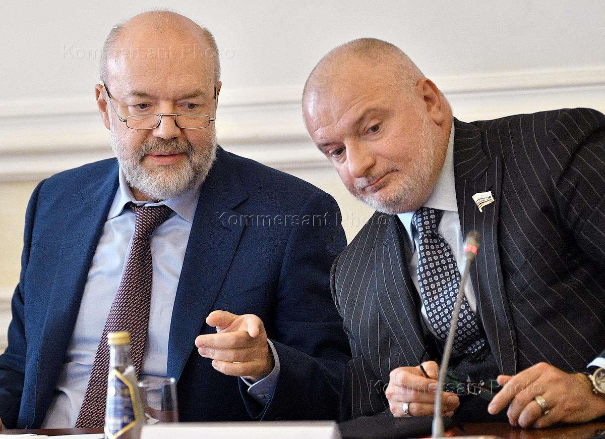 Заседание Рабочей группы по подготовке поправок к Конституции в Общественной палате России. Слева…
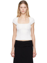 Knit stretch polyester T-shirt. Pinched seams throughout. · Ruffled lace trim at square neck and cuffs · Full stretch nylon mesh lining Supplier color: White
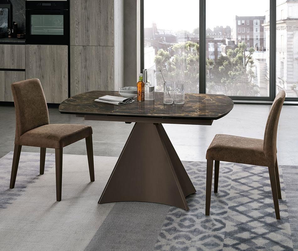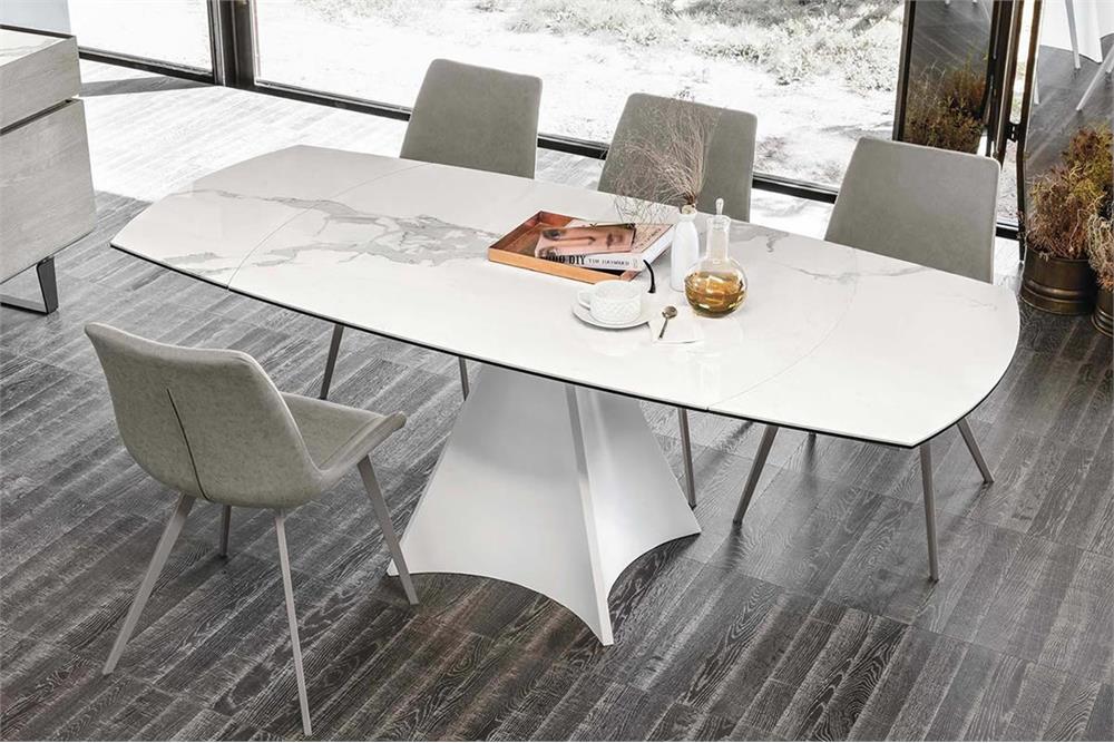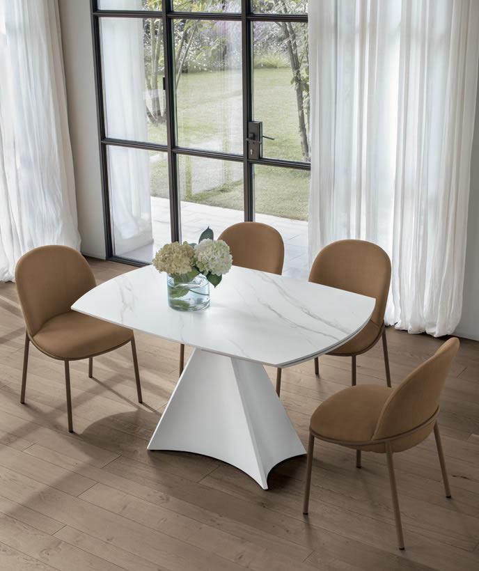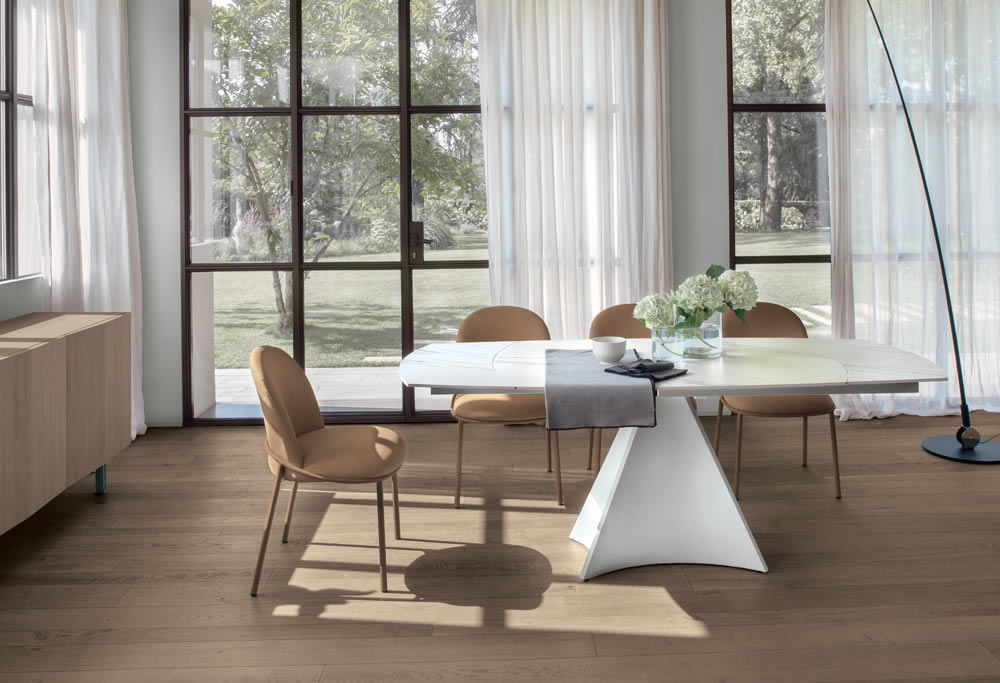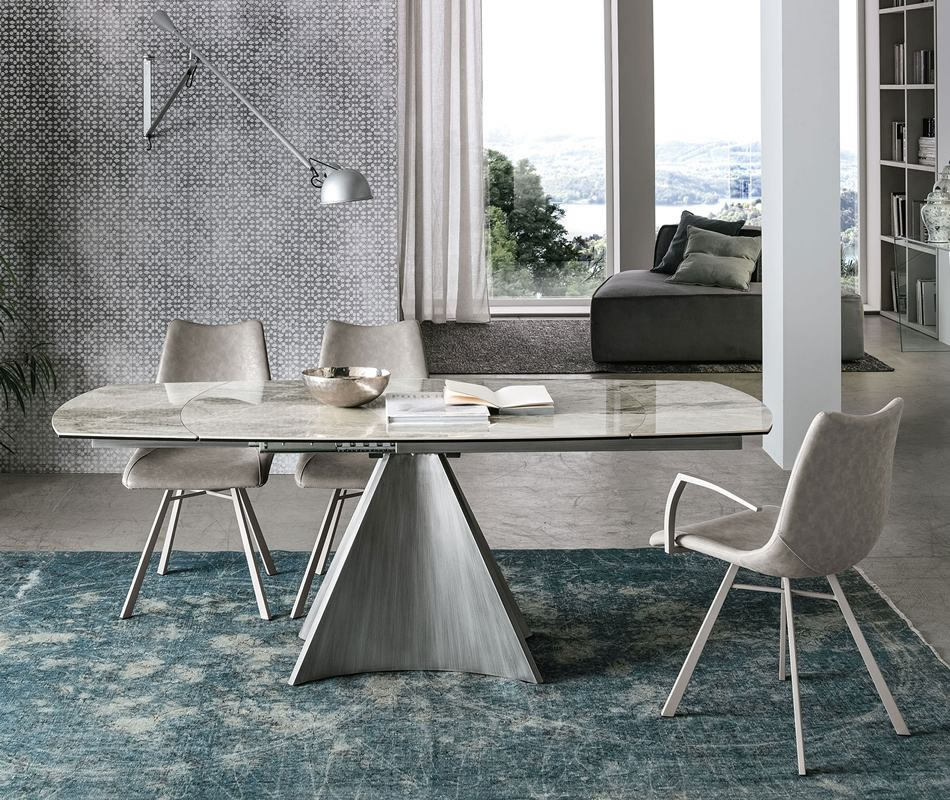 Un semplice gesto permette di allungare il tavolo Tornado, con un’imponente base centrale. Il piano a botticella in gres gira sulla base in metallo facendo uscire automaticamente le allunghe laterali. Un sistema intuitivo e veloce, che permette di coniugare estetica e funzionalità.
○ ○ ○ ○
■ Work required
Repeat each line of the material, unaltered, from the first through the line with "Knit stretch polyester", and include no pictures.

■ Reply
 Заседание Рабочей группы по подготовке поправок к Конституции в Общественной палате России. Слева…
 Knit stretch polyester T-shirt. Pinched seams throughout. · Ruffled lace trim at square neck and cuffs · Full stretch nylon mesh lining Supplier color: White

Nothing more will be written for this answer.